In the mid-1950s, a group of 26 young Black artists in Fort Pierce and Gifford, Florida, decided they weren’t going to wait for anyone’s permission to make art. Segregation kept them out of galleries, so they took matters into their own hands. These 26 artists are known today as The Florida Highwaymen.
Back then, most career paths open to Black men led to fields or factories. Group founders Harold Newton and Alfred Hair weren’t interested. Instead, they painted fast, sometimes so quickly the paint was still wet when they loaded finished canvases into their car trunks. They’d cruise up and down U.S. 1, stopping at businesses, offices, anywhere tourists gathered, selling their vivid Florida landscapes for about $25 each. No galleries, no gatekeepers, just the open road and their own hustle.

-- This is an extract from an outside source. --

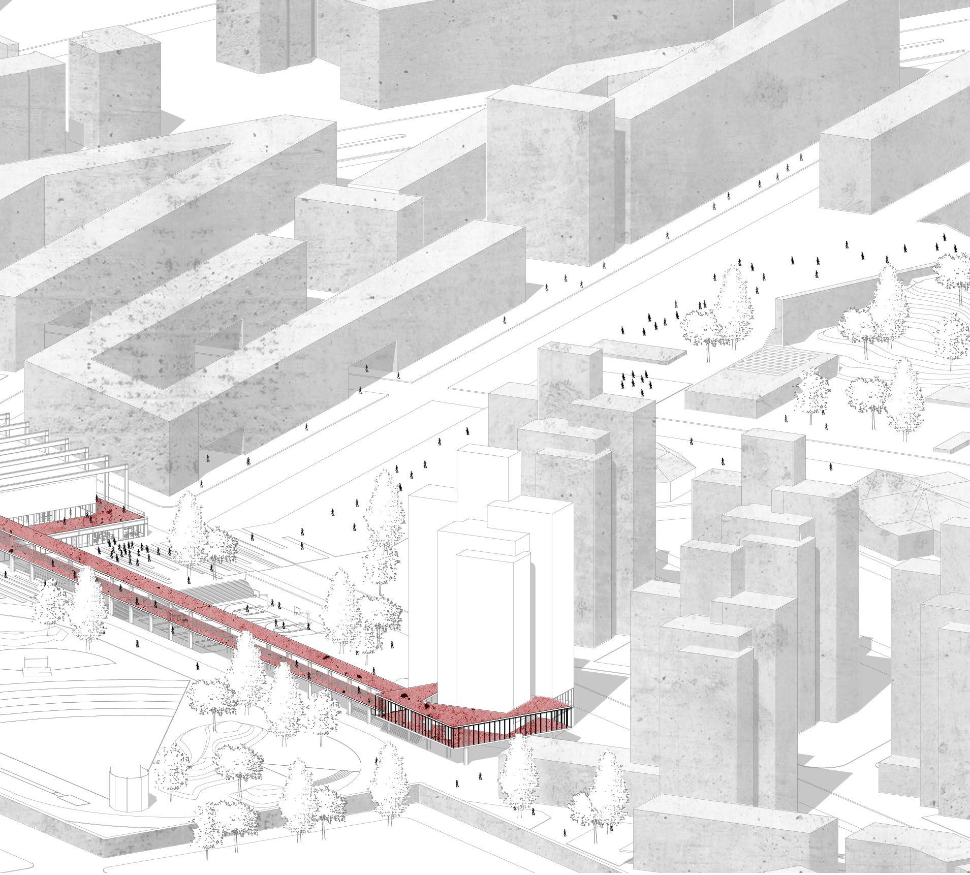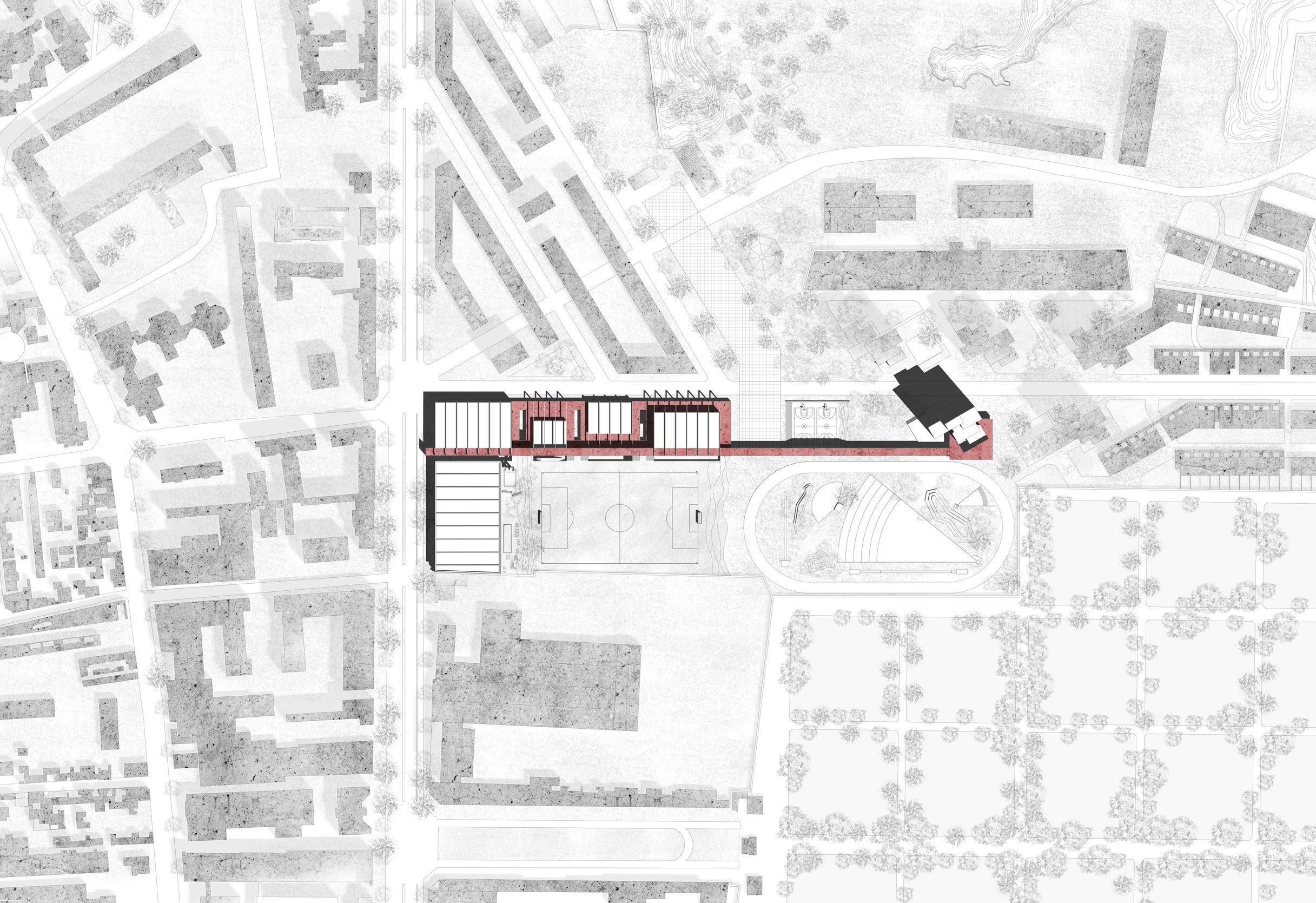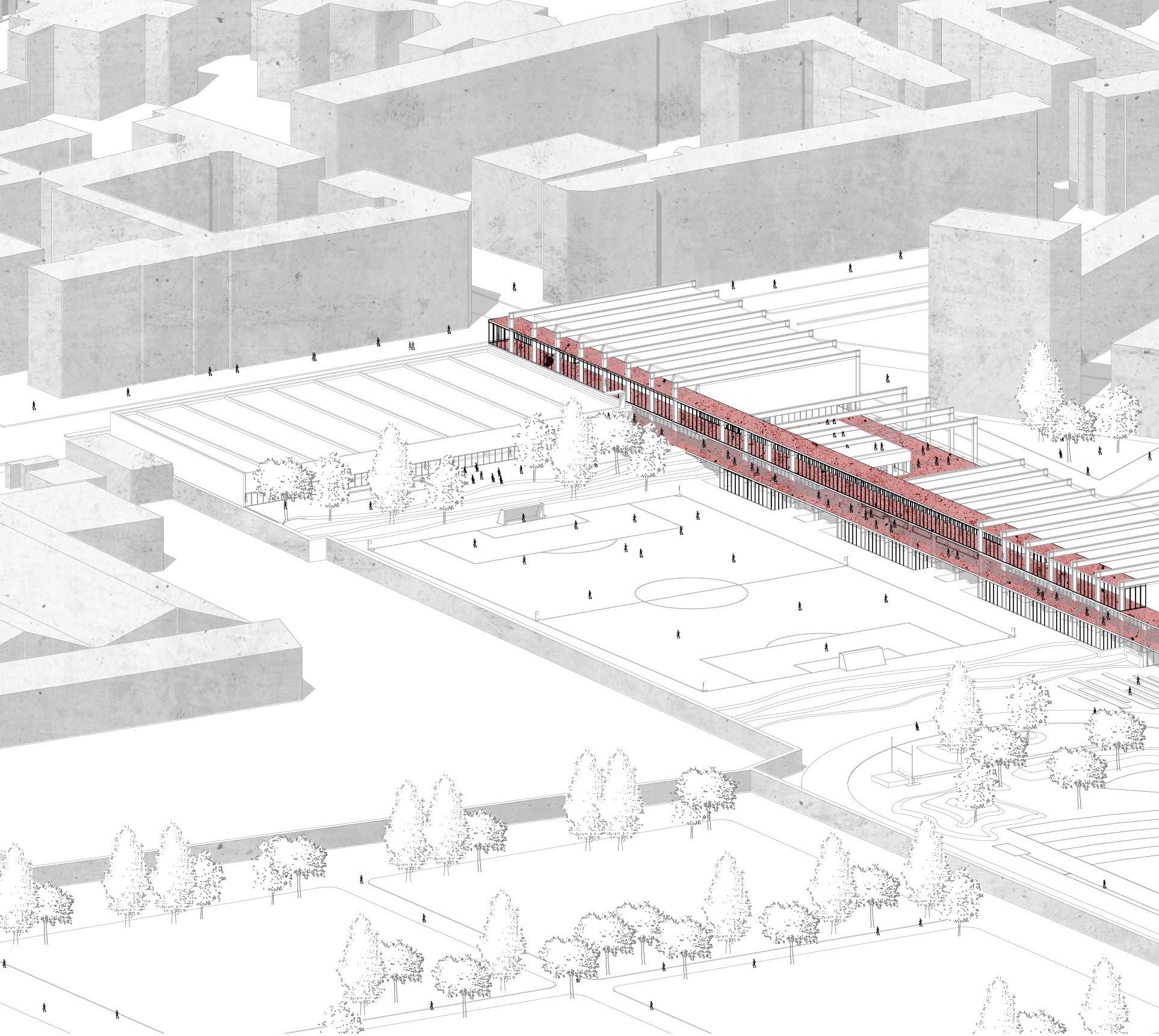 A mi-chemin entre équipements sportifs et promenade public, le bâtiment s’étend sur 300 mètres et se compose d’un socle servant et de gymnases articulés autour d’un passage couvert en niveau haut. Ce passage qui créait tantôt une promenade, des gradins ou des espaces partagées invite à inventer de nouvelles manières libres et auto-organisées de la pratique du sport.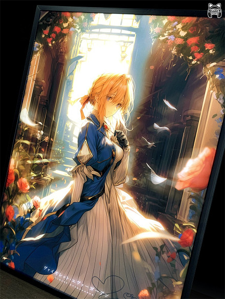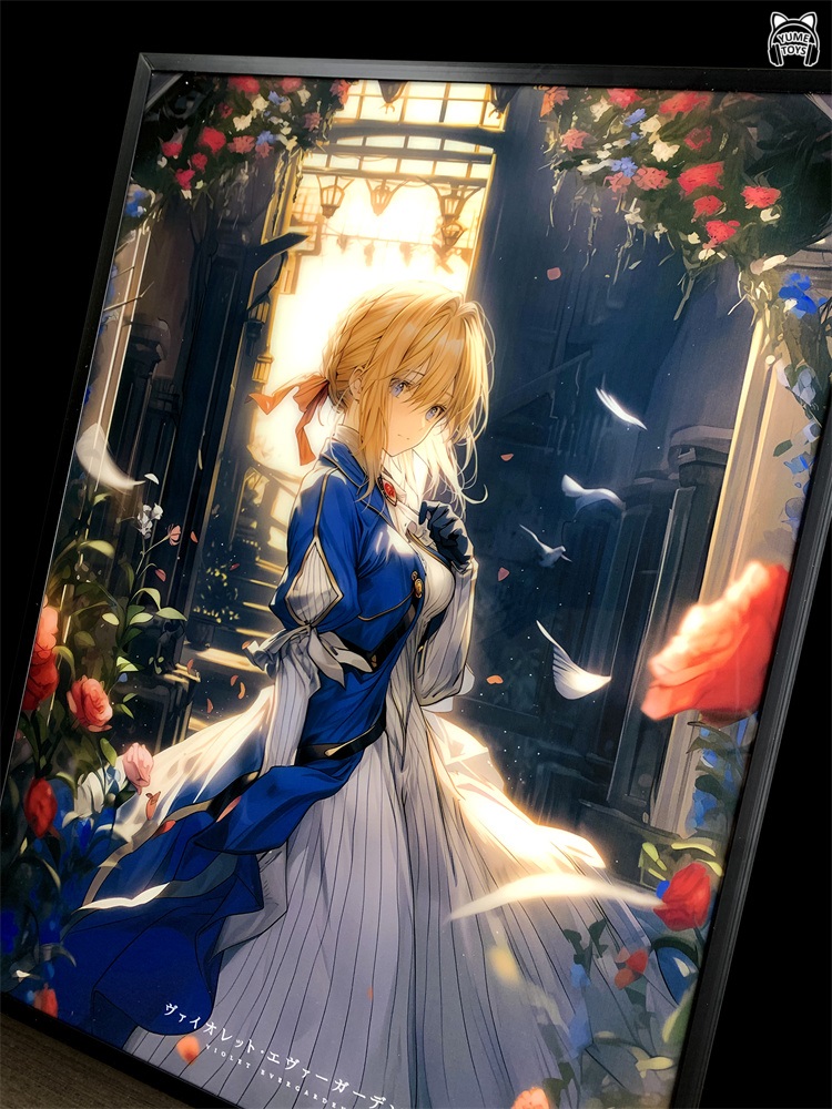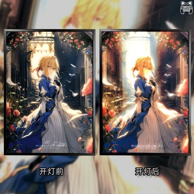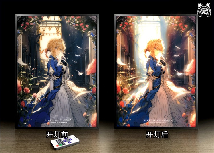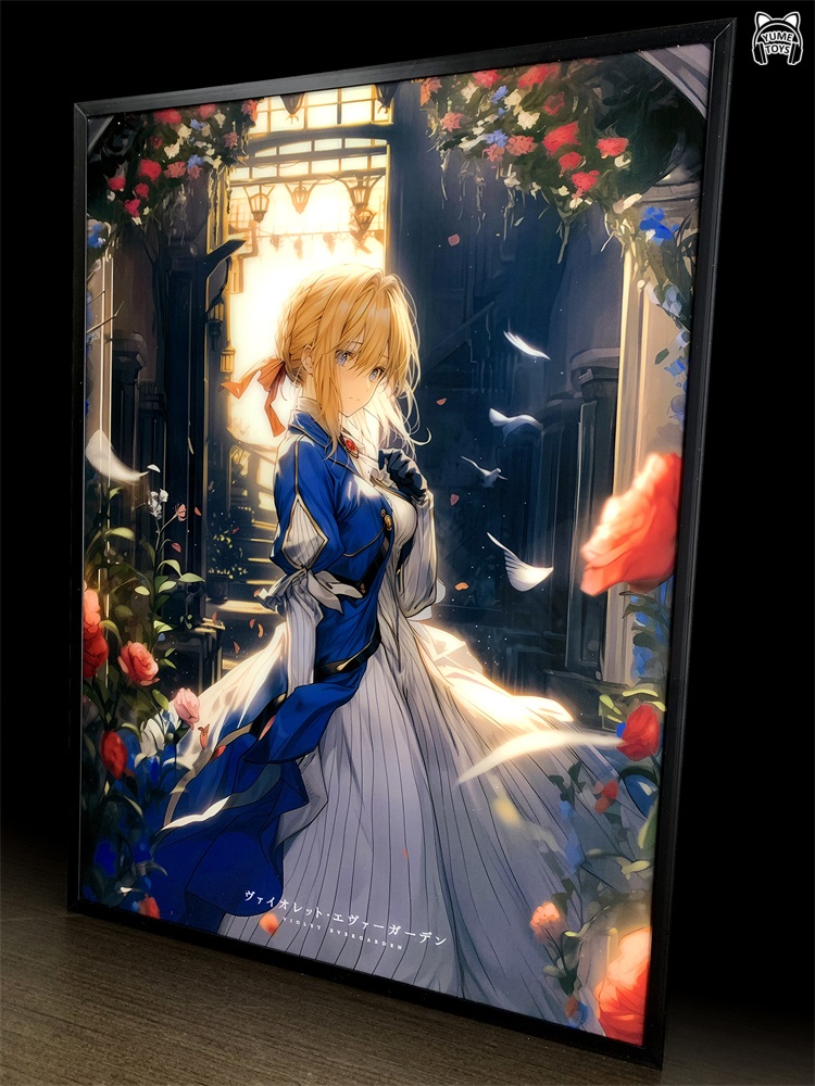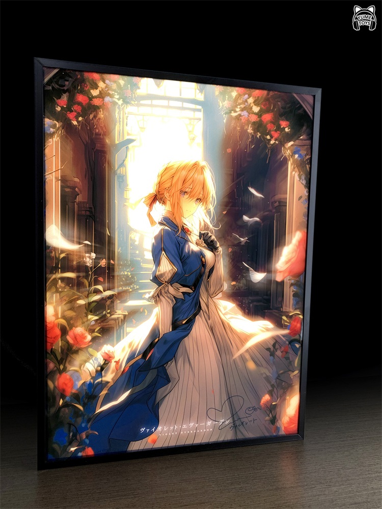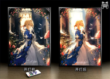 Картина с подсветкой, после включения света фон усиливается, а в правом нижнем углу появляется реплика актера озвучивания Вайолет.

Their paintings captured the wild, lush beauty of “old Florida”—poinciana trees blazing with color, empty beaches, quiet backwaters. Over the years, they produced nearly 200,000 of these scenes, and postwar homeowners and mom-and-pop hotels and motels snapped them up.
The artists didn’t call themselves the “Highwaymen” until much later. It wasn’t until the 1990s, when collectors and dealers started paying attention, that the name stuck, an outsider’s label for their roadside salesmanship.
Of the 26 artists, a few stand out for the sheer force of their talent and ambition. Newton and Hair were at the heart of the movement. Mary Ann Carroll, the sole woman in the group, carved out her own place in this story too. Together, they changed the face of Florida art, not by waiting for acceptance, but by creating their own path.